7. Numa clara confusão administrativa, jurídica e política, em 04/09, novamente o Secretario do SRH informa (agora extemporaneamente) o “cumprimento da Medida Cautelar do TCU”, embora a decisão final não tenha sido prolatada.

8. Quanta confusão administrativa, jurídica e política!

9. Diante desse cenário, nova petição foi encaminhada à Ministra Cármen Lúcia, nos autos do Mandado de Segurança nº 26.156, oportunidade em a Assessoria Jurídica da ADUnB formulou o seguinte pedido:

“Em face do exposto, considerando que a remuneração dos docentes será creditada em 1º/11/2009, bem como que o pagamento da parcela URP pode ocorrer com base na rubrica até então utilizada ou em outra, se assim entender Vossa Excelência, ainda que mediante a elaboração de folha suplementar, o Sindicato Impetrante requer que Vossa Excelência digne-se a oficiar o Magnífico Reitor da Fundação Universidade de Brasília e a Secretaria de Recursos Humanos do Ministério do Planejamento, Orçamento e Gestão – MPOG, para que procedam ao imediato cumprimento da decisão proferida no presente feito, em 7/10/2009, sob as penas da lei.”

10. Na oportunidade, além de reafirmar que tanto o TCU quanto a Reitoria da UnB se abstivessem de praticar atos contrários à liminar original, a Ministra Cármen Lúcia deixou claro que “os efeitos da liminar atingem também aqueles que ingressaram nessa instituição de ensino superior após o deferimento da medida liminar no presente Mandado de Segurança”.

11. Em que pese a referida decisão, a Reitoria da UnB informou a existência de novos percalços impostos ao pagamento da URP de fevereiro de 1989. Além de óbices administrativos supostamente impostos pelo Ministério do Planejamento, Orçamento e Gestão – MPOG, haveria um processo administrativo em curso perante o Ministério da Educação. Com isso, materializou-se uma vez mais o descumprimento da liminar deferida pelo STF, já que, até o momento, 316 professores não receberam a URP (integral ou parcial) do mês de novembro, a ser paga em dezembro de 2009. Entre eles, existem, predominantemente, professores novos.

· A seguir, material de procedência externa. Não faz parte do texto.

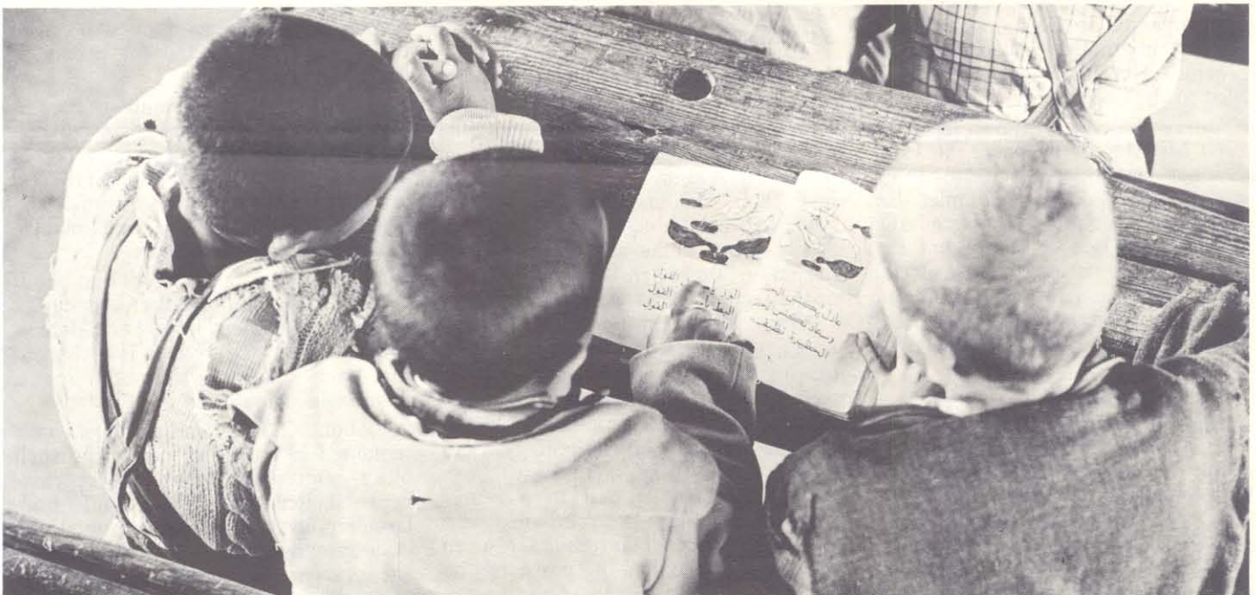
Intent on their studies although there is only one book among the three of them, these Palestinian refugee children attend the elementary school in UNRWA's Beach Camp in the Gaza Strip.

Combined with other preventive measures, UNRWA's environmental sanitation program has kept many serious communicable disease from reaching epidemic proportions among the refugees.
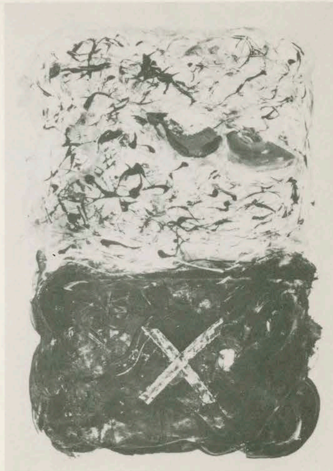
Untitled — 1980 — 30" x 42" mixed media on paper

Entretanto, alguns professores mais antigos também estão sendo atingidos pelo corte.

12. Ao suspender o pagamento, agora não mais pressionado pelo TCU, a Reitoria claramente entregou de bandeja ao MPOG, e agora ao MEC, não só o corte dos salários dos professores e funcionários, mas, e perigosamente, entregou ao governo os princípios da autonomia e da isonomia salarial, volto a dizer, garantidos na constituição.

13. O que de fato está claramente ocorrendo é que o MPOG em conjunção com a Reitoria está “analisando os dados dos pagamentos” e, portanto, o salário dos professores e servidores, ao Governo Federal que, por certo, tem toda intenção de reduzi-los.

14. Por outro lado, a Reitoria da UnB, agora procura explorar a ambigüidade da greve instalada na UnB (que, correta e convenientemente, está mobilizando a indignação de professores afetados pelo corte, em especial os “308 novatos” e 186 técnicos-administrativos), delegou para o MPOG e o MEC dois de seus princípios fundamentais de aperfeiçoamento do ensino superior no país: a isonomia e a autonomia.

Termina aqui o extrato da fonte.